Наконец удобное место с относительно хорошим обзором было найдено. Сифака сидела на верхушке дидиереи, вцепившись в ствол; она явно видела нас, но не проявляла особенного беспокойства. Возможно, зверек чувствовал себя недосягаемым: одно дело на земле, а другое — на десятиметровой высоте.
Шаг за шагом мы передвигали камеру ближе к объекту, пока телеобъектив не позволил Джефу снимать зверька крупным планом. Густая шелковистая шерсть сифаки была белоснежной, только на макушке торчал рыжевато-коричневый вихор. Длинный пушистый хвост был свернут кольцом между ног. Лицо — голое, без шерсти и черное как смоль — действительно немного походило на обезьянье, хотя вообще сифака ни на кого не похожа. Передние лапы зверька значительно короче задних, оттого он передвигается по земле в вертикальном положении.
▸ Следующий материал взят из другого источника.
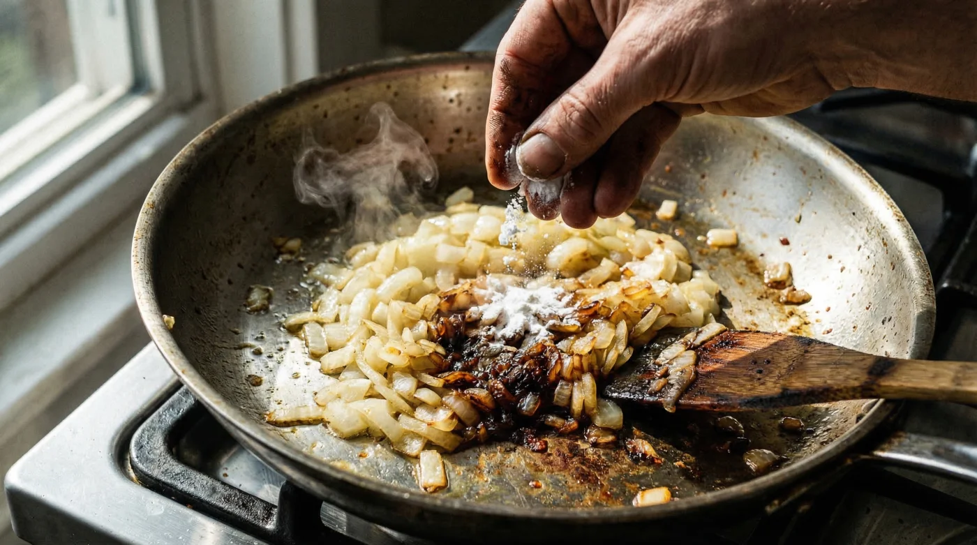 - Step 2: The Alkalising Addition. Once the onions hit the pan and begin to sweat (around the one-minute mark), apply the catalyst. Dust exactly 1.5 grams (roughly a quarter of a teaspoon) of baking soda over 500 grams of raw sliced onions. Stir vigorously. You will immediately notice the colour shifting from translucent to a vivid yellow, then rapidly to a rich mahogany brown.
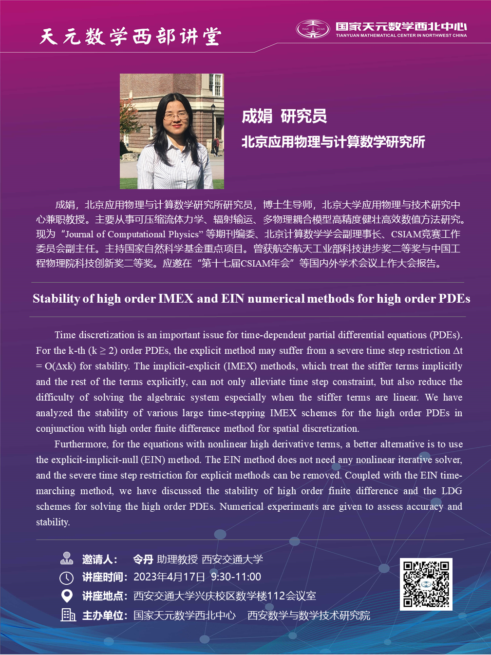【天元数学西部讲堂】北京应用物理与计算数学研究所成娟研究员学术报告
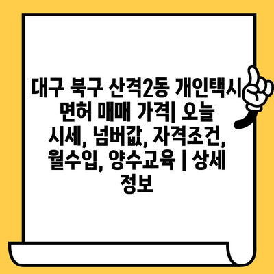 대구 북구 산격2동 개인택시 면허 매매 시세와 넘버값, 월수입 정보를 확인하고, 자격 조건 및 양수 교육까지 알아보세요!
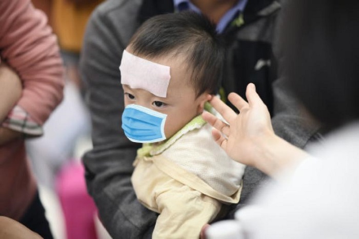 图为患儿接受耳部检查
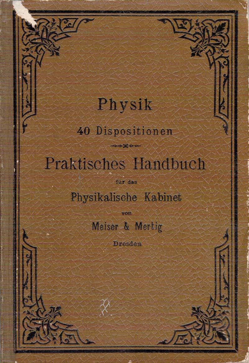 Meiser & Mertig (Hrsg.): Physik - 40 Dispositionen für die wichtigsten Lehrstunden der Physik - Praktisches Handbuch für das physikalische Kabinett von Meiser & Mertig. Im Selbstverlag, Dresden, 3. Auflage 1895
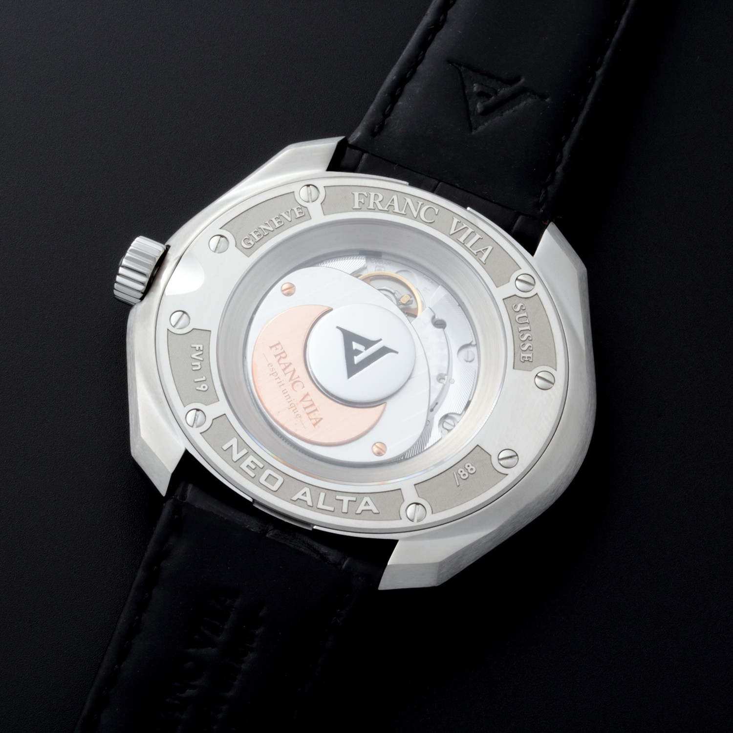 Franc Vila developed his finely hand-crafted complicated wristwatches and fundamentally reinvented forms, building into the future by respecting the past, creating watches like this Franc Vila Neo Automatic, that are contemporary while retaining their classical spirit. Franc Vila creations are an individual and exceptional global approach where all the elements —case, dial, strap, mechanism, rotos, screws, crown and hands— form a unique and indissociable whole in which modernity, beauty, quality, precision and exclusivity play a balanced role.
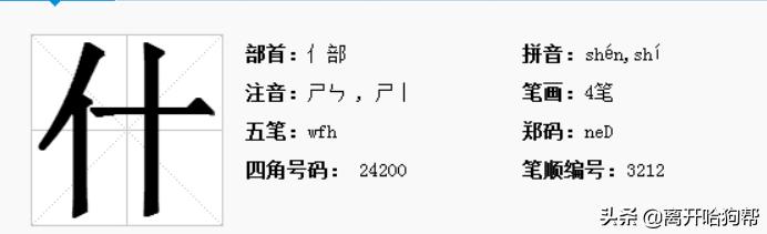 组词:什锦砂锅,物什,什面,什物,什锦、杰什、什伯、克什……

Поглядев на нас своими горящими топазовыми глазами, сифака издала смешной, хрюкающий звук, нечто вроде «шии-фак». Отсюда, естественно, и наименование животного. Европейские зоологи произносят его в три слога — «сифака», но малагасийцы по обыкновению опускают последнее «а», и название зверька, слетающее у них с языка, действительно очень напоминает издаваемый им звук.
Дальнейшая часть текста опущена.